### Data excerpt
=-=-=

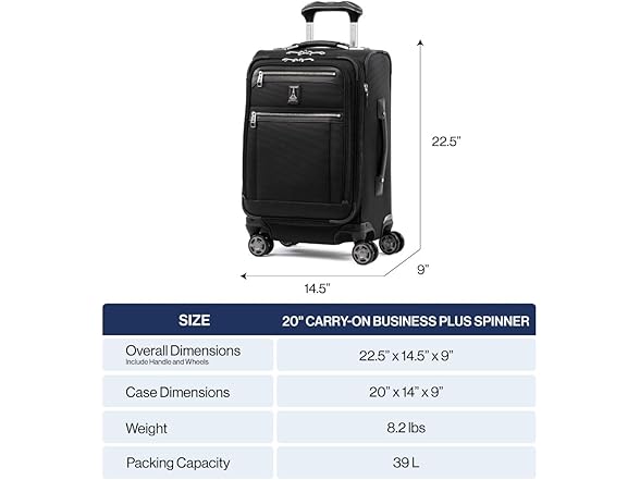 - U.S. AIRLINE FRIENDLY: Overall dimensions (includes wheels & carry handles): 22.5"x 14.50"x 9". Case dimensions: 20"x14"x9".Weight: 8.2 lbs. Sizer bin tested, fits most major US airlines overhead space. Fully expanded may not meet airline restrictions
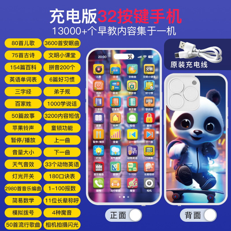 새로운 터치 스크린 다기능 조기 교육 휴대 전화 시뮬레이션 장난감 아기 교육 어린이 소년 소녀 어린이 전화 충전식
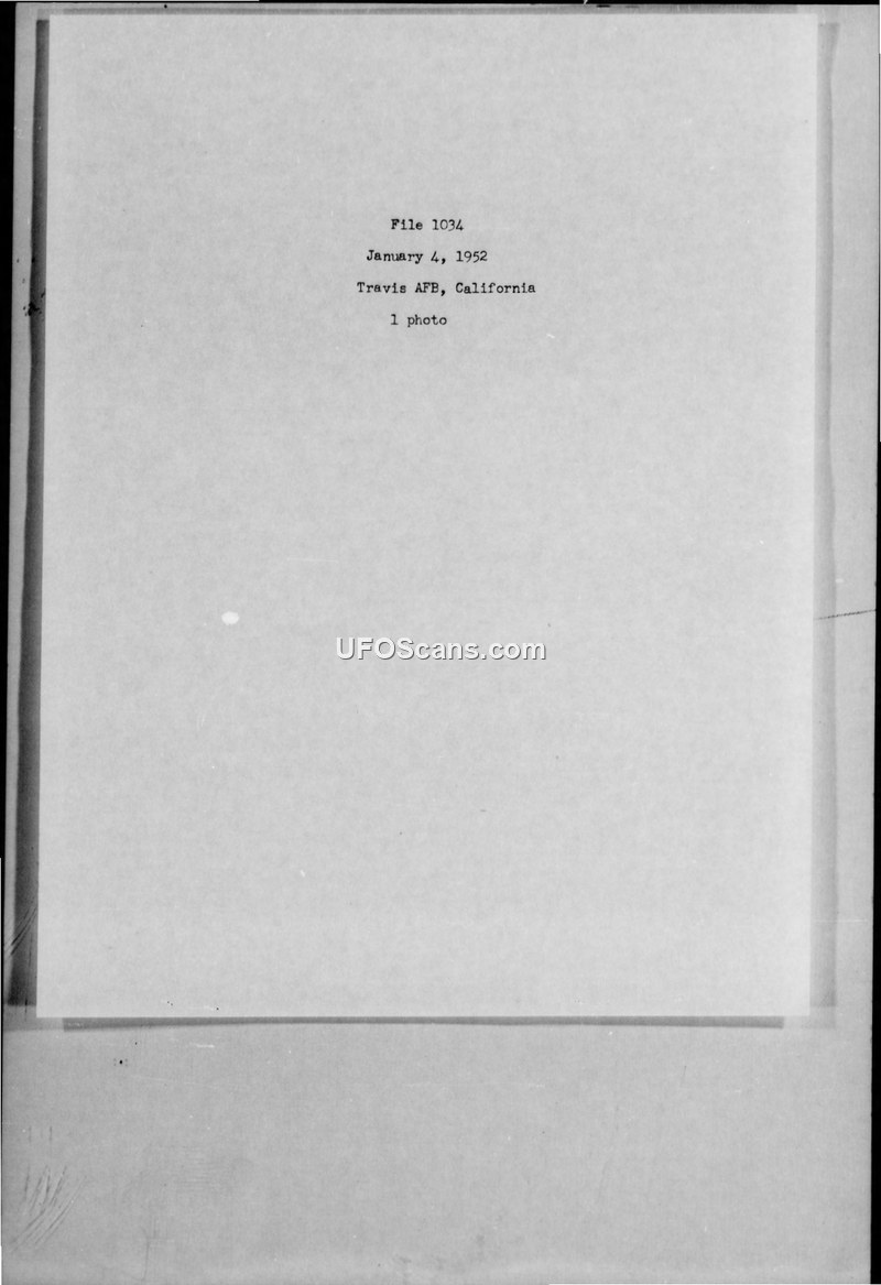 This document, identified as File 1034, pertains to a sighting incident that occurred on January 4, 1952, at Travis Air Force Base in California. The file consists of a brief cover sheet and a single aerial photograph of the base. The photograph is marked with the coordinates 38°16'N 121°56'W and includes annotations identifying the locations of an 'OBJECT' and an 'OBSERVER'. The document is classified as 'RESTRICTED'. No further narrative details regarding the nature of the object, the identity of the observer, or the circumstances of the sighting are provided within the available pages.

=-=-=

### What the task asks
From the line containing "새로운 터치 스크린 다기능" through the last line of the material above, write out each line exactly, leaving aside all pictures.

### Answer below
 새로운 터치 스크린 다기능 조기 교육 휴대 전화 시뮬레이션 장난감 아기 교육 어린이 소년 소녀 어린이 전화 충전식
 This document, identified as File 1034, pertains to a sighting incident that occurred on January 4, 1952, at Travis Air Force Base in California. The file consists of a brief cover sheet and a single aerial photograph of the base. The photograph is marked with the coordinates 38°16'N 121°56'W and includes annotations identifying the locations of an 'OBJECT' and an 'OBSERVER'. The document is classified as 'RESTRICTED'. No further narrative details regarding the nature of the object, the identity of the observer, or the circumstances of the sighting are provided within the available pages.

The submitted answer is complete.